D’abord, le parcours d’autonomie. On vous rabâche les oreilles avec ça depuis quelques années, il me semble, Razzy, Matthieu et d’autres anciens ici présents pourront en témoigner. Le parcours d’autonomie, c’est permettre à chaque jeune d’avoir une formation, et c’est donner un avenir à la France, tout simplement. Nous pouvons être la solution à la crise, mais pour cela, il faut nous en donner les moyens. Il s’agit de permettre à chaque jeune de se consacrer pleinement à ses études sans avoir à travailler à côté. Le financement ? La hausse des droits de succession. Le résultat ? Un an de formation supplémentaire pour une génération augmente la productivité de 7%. Cela libèrera du pouvoir d’achat pour les jeunes, mais aussi pour leurs parents, plus asphyxiés par le financement exorbitant des études de leurs enfants. Et, bien sûr, cela participera à l’émancipation de chacun, et donc à l’égalité.

Ensuite, l’égalité femmes-hommes au travail. Parce qu’une femme est toujours payé 27% de moins qu’un homme, à compétences égales. Nous voulons que chaque entreprise soit tenue d’appliquer un plan pluriannuel de suppression de ces inégalités. Savez-vous à quand date la première loi sur l’égalité salariale femme-homme ? 1972. Quand on ne respecte pas la loi, on est sanctionné. Eh bien si les entreprises ne respectent pas cette mesure, c’est simple, elles devront être sanctionnées !

La troisième proposition est celle de l’attestation de contrôle d’identité. Vous le savez peut-être, si on est d’origine maghrébine en France, on a 8 fois plus de chances de se faire contrôler que si on est blanc. L’attestation de contrôle d’identité c’est simple : un formulaire que chaque policier devra remettre aux personnes contrôlées. L’effet sera immédiat : moins de contrôle au faciès, l’ouverture d’un droit de recours pour les personnes victimes de discrimination, l’adaptation de la formation des fonctionnaires de police. Pare que les jeunes et les moins jeunes n’ont pas besoin d’une police qui fait du chiffre en chassant à tout prix les sans papiers, en stigmatisant les jeunes de banlieues. Nous voulons une police de proximité, une police qui prévient, qui protège et qui renoue le lien avec la population au lieu de le briser chaque jour un peu plus.
Au delà de ces trois propositions, j’insisterai sur quelques unes de nos priorités pour 2012. Refaire de la santé un droit pour tous, encadrer les loyers, la République irréprochable et le non cumul des mandats, bien sûr.

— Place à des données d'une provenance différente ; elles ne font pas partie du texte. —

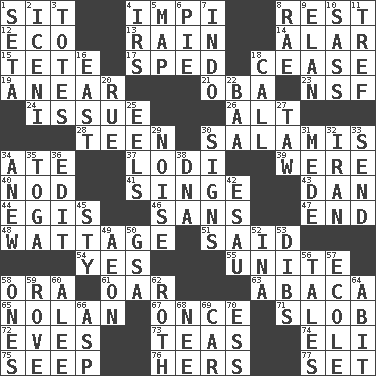 ACROSS 1. Be seated 4. Body of Kaffir warriors 8. State of inaction 12. Environmental prefix 13. Precipitation 14. Having or resembling wings 15. False hair 17. Hurried 18. Stop 19. Approach 21. Chief or king in Benin or Nigeria 23. Science/research agcy. 24. Come out of 26. Keyboard modifier key 28. Adolescent 30. Deli grouping 34. Had dinner 37. Farming town in central California 39. Past tense of be (plural) 40. Dreamland 41. Burn superficially 43. One of the 12 tribes of Israel 44. The front part of a cuirass 46. Without 47. Conclude 48. Electrical Measurement 51. Alleged 54. Affirmative reply 55. Join together 58. Mouth or opening 61. Boat paddle 63. Phillipine bananalike plant 65. Pitcher Ryan 67. At one time in the past 71. Oscar Madison type 72. Nights before holidays 73. Afternoon social gatherings 74. Connecticut Ivy Leaguer 75. Ooze 76. Possessive pronoun 77. Arrange properly for use DOWN 1. Stalk of a moss capsule 2. Ancient Celtic tribe of eastern Britain 3. Hauls 4. Big collection agency 5. Atlas unit 6. Sliced dessert 7. Southeast Asian peninsula 8. Actress Charlotte 9. Flair 10. Backtalk 11. Unclean, religiously 16. 90 degrees 18. Give a ring to 20. Regret 22. Sound made by sheep 25. Snakelike fish 27. The 23rd letter of the Hebrew alphabet 29. Annoying sound 30. Public displays of written messages 31. Ancient Persian 32. SW Asia republic 33. Transmit 34. Afresh 35. Ancient Roman robe 36. Prepare for publication 38. Heredity factor (abbr.) 42. He sold his birthright 45. Filthy place 49. A really long time 50. Girls' org. (abbr.) 52. _ tizzy (2 wds.) 53. Claim 56. Lies 57. Learning spot: Fr. 58. Singles 59. Be footloose 60. Toward shelter 62. Writer of Portnoy's Complaint (1969) 64. "This won't hurt ____!" 66. Cleo's killer 68. Born 69. Automobile 70. Double-curved letter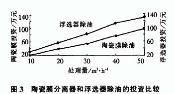 (3) 焦油浮選器和陶瓷膜除油的比較。我廠為了徹底解決剩余氨水的帶油問(wèn)題, 曾用焦油浮選器代替砂石過(guò)濾器處理剩余氨水, 取得了較好效果。但是用焦油浮選器除油投資太高, 圖 3 是焦油浮選器和陶瓷膜分離器除油的投資比較, 除油量每增加10M3/h, 焦油浮選器投資要比陶瓷膜分離器的投資高 10 萬(wàn)元以上。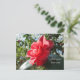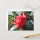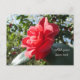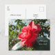 Una postal vibrante que exhibe una flor camélica roja floreciendo bajo el sol. La postal ofrece opciones para personalizar el frente y la parte posterior con un saludo, una dirección de retorno, su mensaje y el nombre y la dirección del destinatario. También puede dejarlos en blanco si prefiere escribir a mano.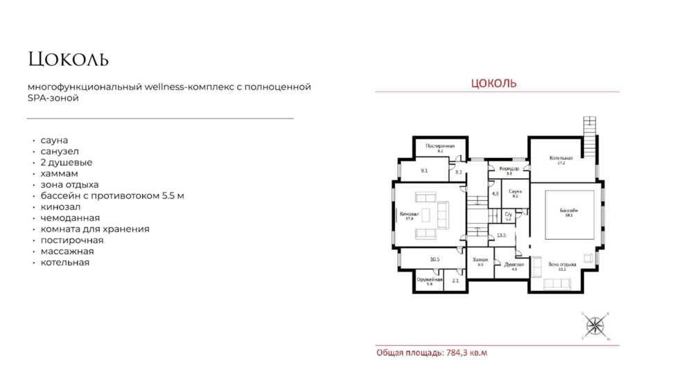 Цоколь: многофункциональный wellness-комплекс с полноценной SPA-зоной: сауна, с/у, 2 душевые, хаммам, зона отдыха, бассейн с противотоком, кинозал, чемоданная, комната  для хранения, постирочная, массажная, котельная.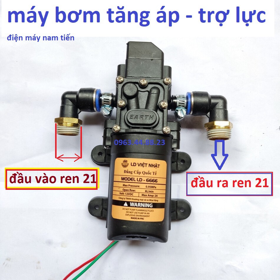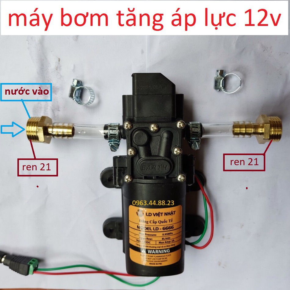 Máy bơm mini 12v + 2 đầu chuyển ren 21mm + nguồn 12v 5a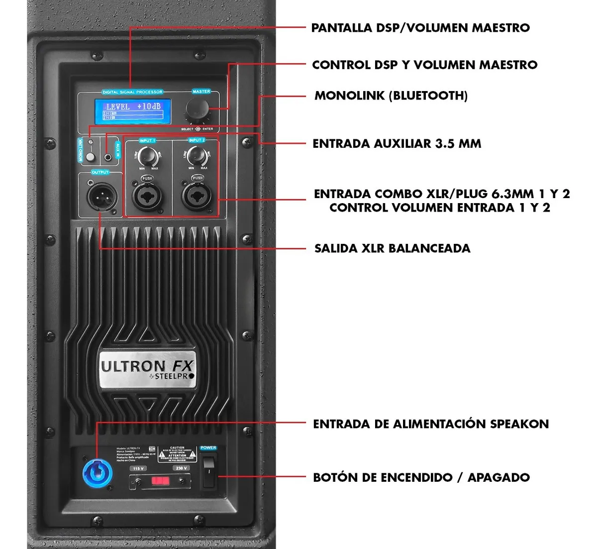 El Professional Active Speaker System Steelpro Mod. ULTRON-FX es una solución de audio integral diseñada para aplicaciones de alto rendimiento. Equipado con amplificación de última generación, el modelo ULTRON-FX integra un procesador digital de señales (DSP) que permite optimizar la respuesta acústica según el entorno de uso. Su arquitectura interna asegura una dispersión sonora uniforme y una distorsión mínima incluso a volúmenes elevados. Con múltiples opciones de entrada y un diseño de chasis ergonómico y resistente, el Ultron-FX es la herramienta definitiva para DJs, bandas y sonorización de eventos que requieren un bafle confiable y potente.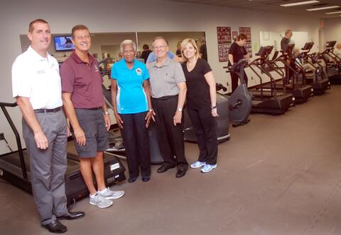 Clark Councilman At-Large Bill Smith, Clark Recreation Director Ralph Bernardo, Freeholder Vernell Wright, Council Vice President (at-Large) Alvin Barr, and Lori Banta, Clark Senior Fitness Recreation Director.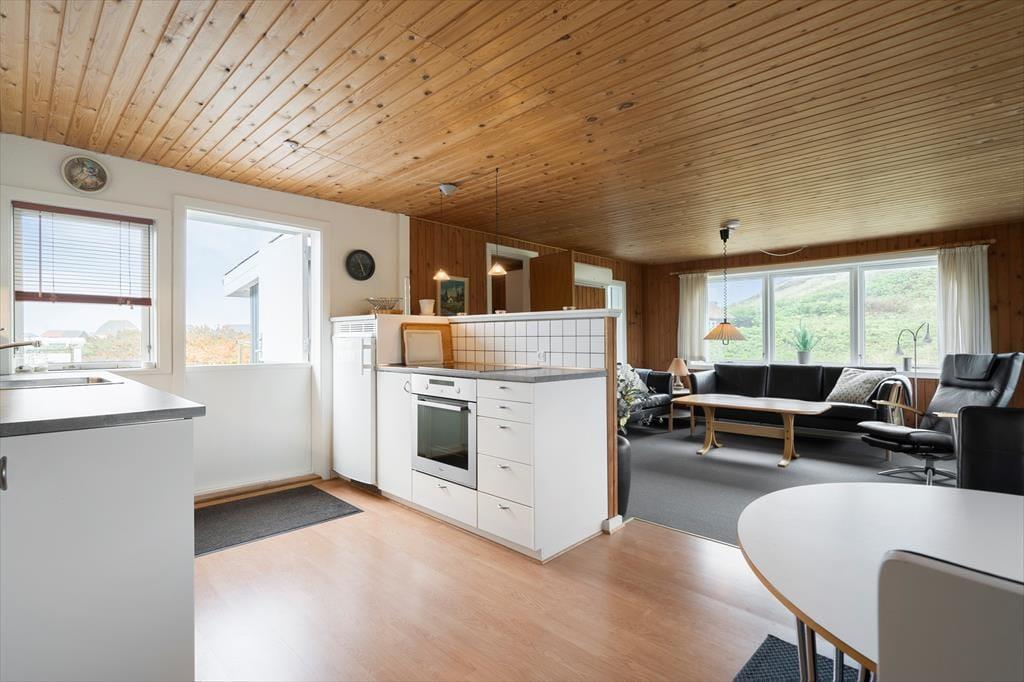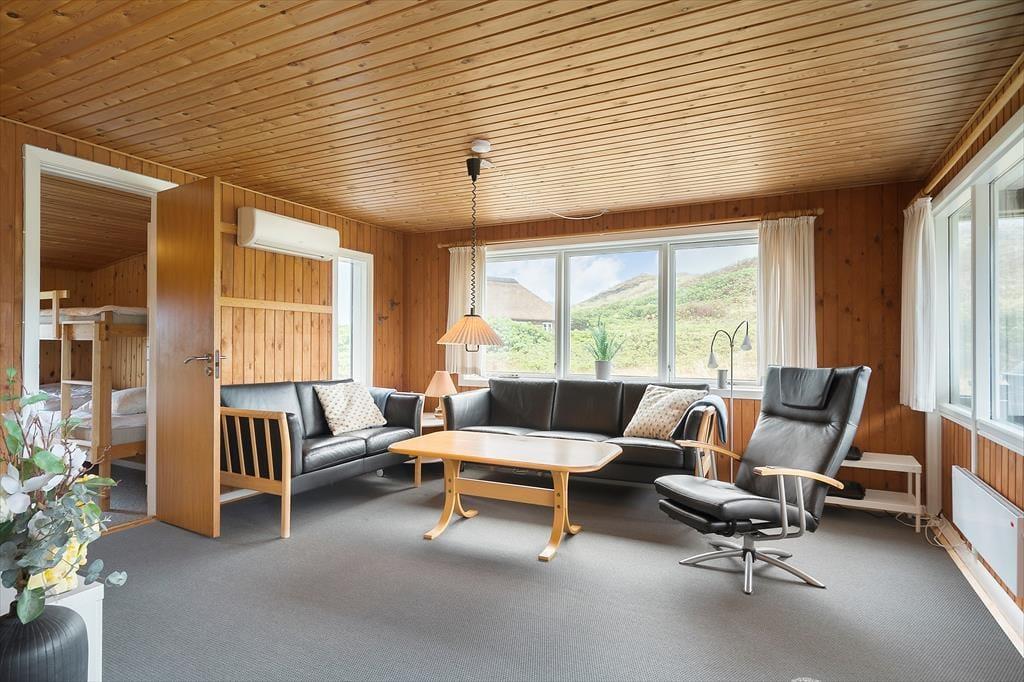 På grund af den attraktive beliggenheden behøver I egentlig ikke at bevæge jer udenfor for at nyde naturomgivelserne. Især i stuen er udsigten til klitterne helt betagende, så når I slapper af i sofaen eller laver mad i det åbne køkken, har I noget smukt at kigge ud på. Huset er bygget i 1964, men fremstår samtidig pænt og velordnet, for det er nemlig blevet renoveret med nyt køkken og nye møbler. Ud over opholdsrummet byder planløsningen på et velindrettet badeværelse med bruser, vaskemaskine og gulvvarme, og der er også to soveværelser at gøre godt med, så I fint kan være fem personer i huset.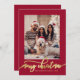 Elegant Gold Script One Photo Red Christmas Holiday Card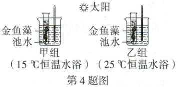 4. (2024适应性测试)某生物小组为了探究温度对金鱼藻光合作用的影响,设计了实验装置,在阳光下进行了相关实验,如图所示。下列说法错误的是(

Voilà ce que je voulais vous dire ce soir, au nom des militants ici présents, et de tous les jeunes socialistes girondins qui sont prêts pour le changement en 2012. Ils sauront, pendant toute cette campagne, être à vos côtés, au côté de notre candidate ou candidat, peu importe le résultat des 9 et 16 octobre prochains. C’est la promesse des Jeunes Socialistes, et nous la tiendrons. Vous pouvez compter sur nous : nous serons des militants enthousiastes, exigeants avec les autres comme avec eux mêmes, et présents partout sur le terrain pour faire gagner la gauche, avec vous tous.